Uniswap is a decentralized exchange built on Ethereum’s smart contracting protocol to allow anyone to swap ERC-20 tokens directly from their Ethereum wallet. In September of this year, the company introduced users to UNI, the platform’s digital token, of which roughly 60 percent has been allocated to Uniswap users.

Over the past two years, Uniswap has overseen roughly $20 billion in trades and has been integrated into hundreds of interfaces, making it one of the most prominent and successful DeFi platforms in existence. On average, daily trades often exceed $220 million.
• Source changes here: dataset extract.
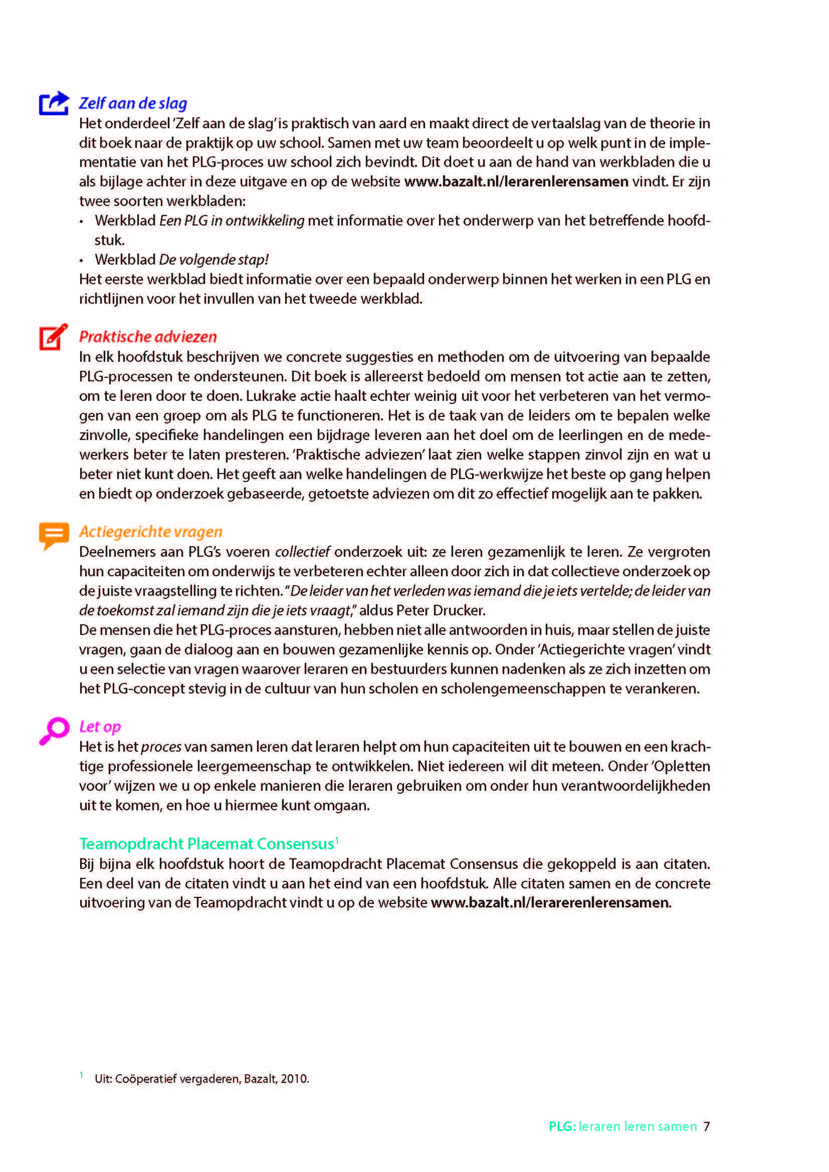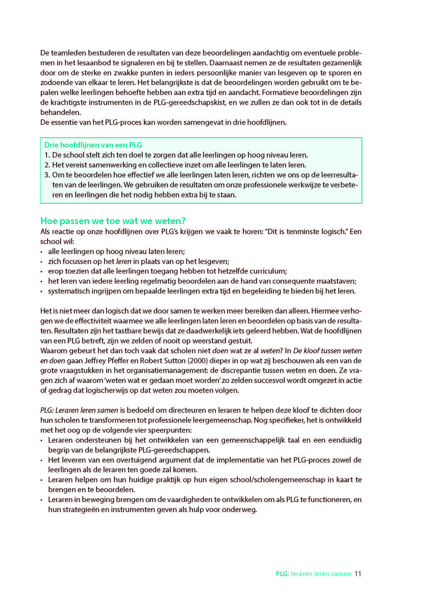 Hoe zo’n PLG functioneert, beschrijft Richard DuFour in dit handboek voor professionele leergemeenschappen. Met duidelijke voorbeelden en een theoretische onderbouwing geeft hij aan hoe je PLG’s vormt en wat ze concreet kunnen doen. Want alleen door te doen, kun je dit leren, zegt DuFour. Laat leraren dus samen leren en zorg daarbij voor de juiste focus, cultuur en resultaatgerichtheid. De werkbladen en teamopdrachten uit dit boek helpen daarbij.

Some of the things leading to Uniswap’s present levels of success and adoption include the fact that it does not rely on any fees to garner income. There are no fees for those who engage in transactions on the platform, and there are no middlemen required to push transactions through. Thus, the company is fully decentralized and all trades are permissionless.

The company’s big claim to fame is its integration of what’s known as the “Constant Product Market Maker Model,” which allows users to fund any token with equal values of both Ethereum and the ERC-20 token they’re looking to trade.

Yield Farming

Any ERC-20 token can be traded and listed on the platform. There is a liquidity pool for virtually every token the company lists. These tokens can be traded by anyone, and all users can contribute to the liquidity pools of these tokens while earning part of a 0.3% provider fee.

Should Ethereum or any other ERC-20 token be contributed to the platform’s liquidity pool, the contributor garners what’s known as a pool token. This token can then be traded or moved around at the owner’s will. Should this money ever be reclaimed, it is immediately burned and taken out of commission.


The company employs its own native cryptocurrency known as the UNI token. Simply holding this token in one’s digital wallet allows them to have a say in how the company operates. It also gives them a vote in all upcoming elections or when changes are suggested to the platform.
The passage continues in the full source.